La clé de ce que le christianisme ait survécu à n’importe quel régime politique, à des invasions, des persécutions et même au martyre est cela que le théologien Nicolas de Cues définit comme coincidentia oppositorum –et que Carl Schmitt amplifia dans Catolicismo romano y forma política (1923)–, c’est-à-dire, le principe métaphysique qui définit la coexistence, l’union ou la synthèse d’éléments opposés, contradictoires ou polaires au sein d’une même structure, être ou concept. En synthèse : un « ceci et cela » post-dialectique. Jardiniers et soldats… C’est pourquoi saint Josemaría conclut : « Interprétez donc mes paroles comme ce qu’elles sont : un appel à exercer –chaque jour !, non seulement en situations d’urgence– vos droits ; et à accomplir noblement vos obligations en tant que citoyens –dans la vie politique, dans la vie économique, dans la vie universitaire, dans la vie professionnelle– (…). Prenons le bouclier de la foi, le casque du salut et l’épée de l’esprit qui est la Parole de Dieu. Ainsi nous exhorte l’Apôtre saint Paul dans l’épître aux Éphésiens ».

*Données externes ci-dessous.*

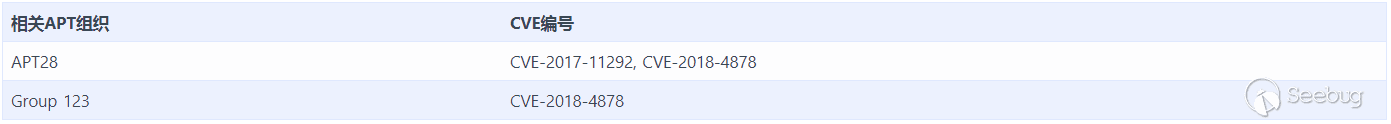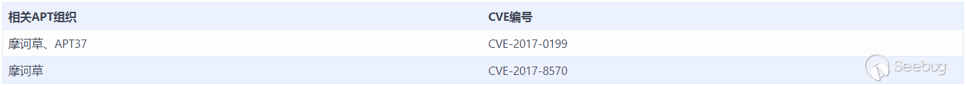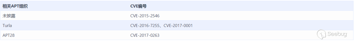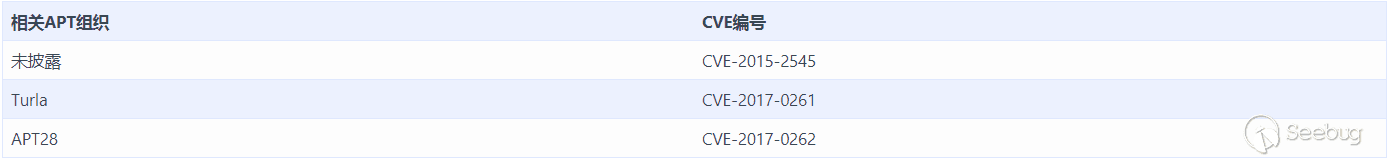 由于EPS漏洞本身利用難度較大,且EPS自Office 2010之后就處于沙箱中隔離執行,因此往往還需要提權漏洞輔助,因此該系列漏洞的使用者往往是知名的大型APT組織。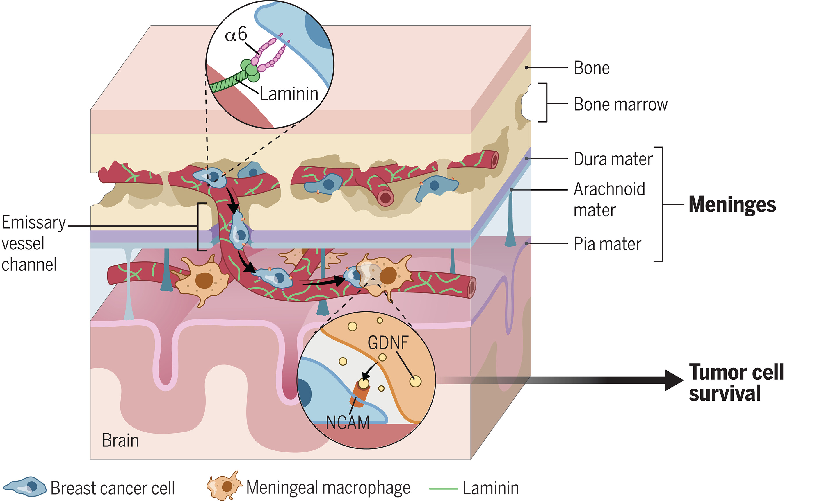 Treatment outcomes for breast cancer metastasis to the leptomeninges (LM), the cerebrospinal fluid–containing membranes that line the surface of the brain and spinal cord, are extremely poor. Whiteley et al. used experimental models of breast cancer LM metastasis to show that breast cancers expressing the cell surface receptor integrin α6 can invade the LM by traversing the outer surface of the blood vessels that normally connect the adjacent vertebral and skull bone marrow to the central nervous system meninges (see the Perspective by Monteran and Erez). Breast cancer cells then stimulate resident meningeal macrophages to secrete a neuronal prosurvival protein called glial-derived neurotrophic factor that supports tumor growth. These findings shed new light on tumor-host interactions in the LM and may guide new therapeutic targets for the treatment of LM metastasis. —Priscilla N. Kelly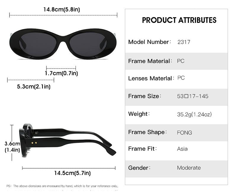 Nuevas gafas de sol con remaches sencillos 2317, gafas de sol de moda europea y americana para mujer, montura ovalada, gafas de sol gruesas y combinables.

Avec le sacrement du baptême, nous sommes tous les catholiques investis d’une triple dignité : celle de sacerdotes, profetas et reyes. Il est vrai qu’on ne parle pas de soldats, mais il y a eu dans l’histoire des exemples de reyes chrétiens qui furent de grands militaires : Alphonse Ier d’Aragon (1073‑1134), « Le Batallador » ; Richard Ier d’Angleterre (1157‑1199), « Cœur de Lion » ; Jacques Ier (1208‑1276), « Le Conquérant » ; Louis IX de France (1214‑1270), « Saint Louis » ou Ferdinand II d’Aragon, « Le Catholique » (1452‑1516). Parce qu’ils furent, nous sommes ! Au fond, qu’en serait-il de la nation espagnole sans l’esprit de (re)conquête, c’est-à-dire sans l’ethos que lui imprima son patron saint Jacques… Je ne me souviens pas de trop d’exemples de « jardiniers de la chrétienté ».

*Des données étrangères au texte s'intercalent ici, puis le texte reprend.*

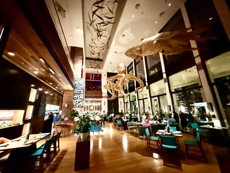인터컨티넨탈 호텔의 탁 트인 해변 분위기가 레스토랑 전체를 감싸 안는 듯했다. 독특한 문어와 물고기 조형물들은 시각적인 즐거움을 더하며, 공간에 활기를 불어넣었다. 미슐랭 선정 레스토랑임을 알리는 표지판은 이곳이 단순한 식당이 아닌, 미식 경험을 선사하는 특별한 공간임을 암시했다.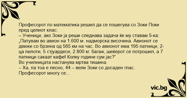 – Ученици, ако Зоки ја реши следнава задача ќе му ставам 5-ка: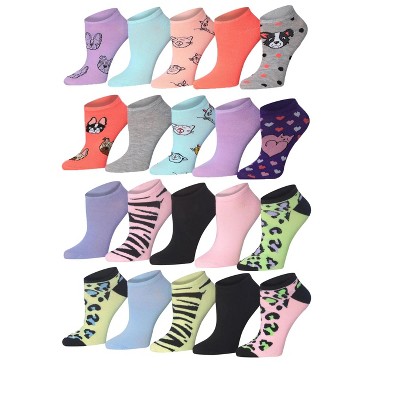 Tipi Toe Women's 20 Pairs Multi-Color Grey White Yellow Black Wild Safari No-Show Socks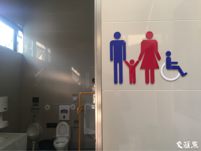 装配式厕所严格按照国家厕所新标准建设成。进门左手边屏幕上正放着《新闻联播》等节目,屏幕下方提供免费卫生用纸。内设男卫生间、女卫生间、第三卫生间及管理房间。第三卫生间看上去非常宽敞,有独立的马桶、洗手台,和残疾人如厕设施、婴儿换尿布台等。厕位比例也按照新版公厕“国标”设置,管理员告诉记者,“有9个女厕位,6个男厕位。”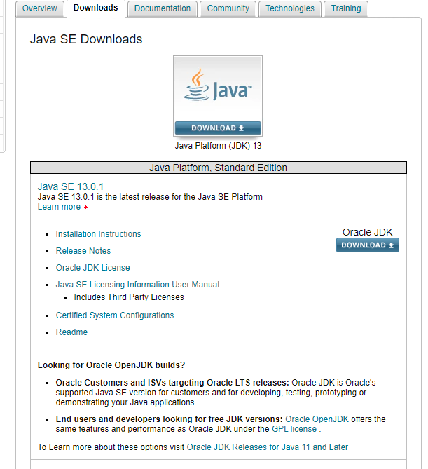Oracle官网下载:https://www.oracle.com/technetwork/java/javase/downloads/index.html,点击右侧下载

Avec tout cela, bien sûr, je ne veux pas mettre en doute l’importance, la nouveauté et la transcendance du projet Incarnatus Est, bien que, cela dit, d’ex-marxiste converti à ex-marxiste converti, je me sens obligé d’esgrimer cette maxime de Marx qui dit : « Notre tâche est la critique impitoyable et bien plus contre les apparentes amitiés que contre les ennemis ouverts ». Le mépris pour lo político hyppolitien/hadjadjien mène, dans le meilleur des cas, à la jardinerie (un cristianismo antipolítico o castillo desprovisto de atalayas y almenas), et, dans le pire, au suicide civilisationnel. Avec le profond respect, la plus grande admiration et mes meilleurs vœux.